[[ Material for this task, beginning ]]
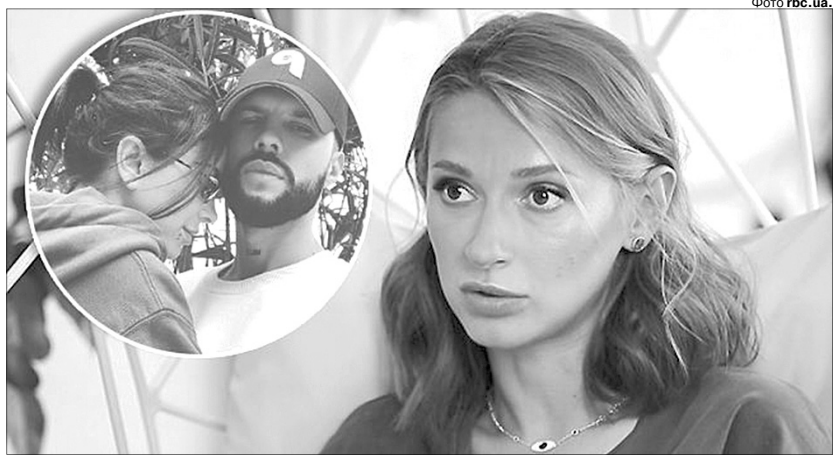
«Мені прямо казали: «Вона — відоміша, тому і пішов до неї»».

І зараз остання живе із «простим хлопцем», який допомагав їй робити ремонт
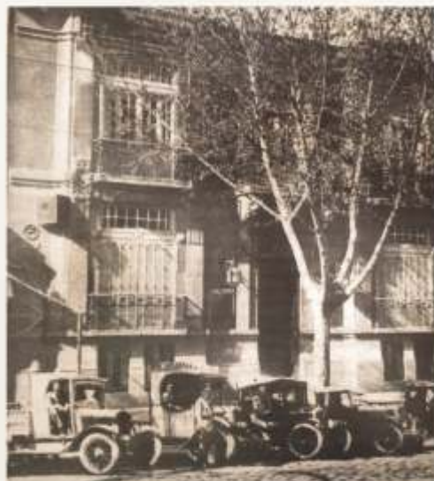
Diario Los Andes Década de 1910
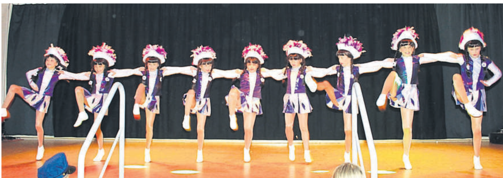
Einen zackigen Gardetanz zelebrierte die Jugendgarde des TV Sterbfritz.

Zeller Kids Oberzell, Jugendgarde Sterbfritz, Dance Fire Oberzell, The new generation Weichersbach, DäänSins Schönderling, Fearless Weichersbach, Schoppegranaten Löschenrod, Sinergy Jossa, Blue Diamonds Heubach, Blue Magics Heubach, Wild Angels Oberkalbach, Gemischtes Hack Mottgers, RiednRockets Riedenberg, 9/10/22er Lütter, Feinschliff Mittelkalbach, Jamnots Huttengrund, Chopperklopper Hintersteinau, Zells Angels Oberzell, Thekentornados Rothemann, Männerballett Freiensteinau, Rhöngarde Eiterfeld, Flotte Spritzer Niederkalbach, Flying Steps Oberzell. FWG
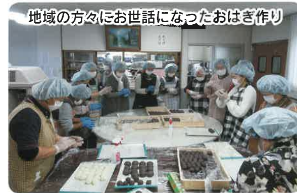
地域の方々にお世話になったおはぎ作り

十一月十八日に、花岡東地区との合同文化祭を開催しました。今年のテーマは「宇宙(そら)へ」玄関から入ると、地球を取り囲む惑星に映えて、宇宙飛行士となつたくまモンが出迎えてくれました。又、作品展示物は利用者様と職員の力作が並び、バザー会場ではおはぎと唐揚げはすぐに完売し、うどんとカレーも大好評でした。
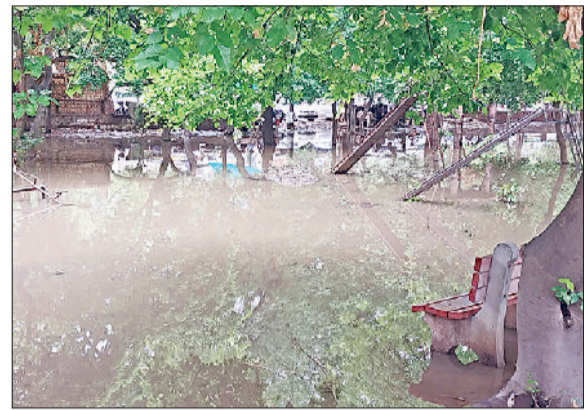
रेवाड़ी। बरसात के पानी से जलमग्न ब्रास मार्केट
[[ Material for this task, end ]]
Starting with the line that contains "地域の方々にお世話になったおはぎ作り", reproduce every line to the end of the material above, both end lines included, exactly and with no pictures.

> Answer for the task
地域の方々にお世話になったおはぎ作り

十一月十八日に、花岡東地区との合同文化祭を開催しました。今年のテーマは「宇宙(そら)へ」玄関から入ると、地球を取り囲む惑星に映えて、宇宙飛行士となつたくまモンが出迎えてくれました。又、作品展示物は利用者様と職員の力作が並び、バザー会場ではおはぎと唐揚げはすぐに完売し、うどんとカレーも大好評でした。
रेवाड़ी। बरसात के पानी से जलमग्न ब्रास मार्केट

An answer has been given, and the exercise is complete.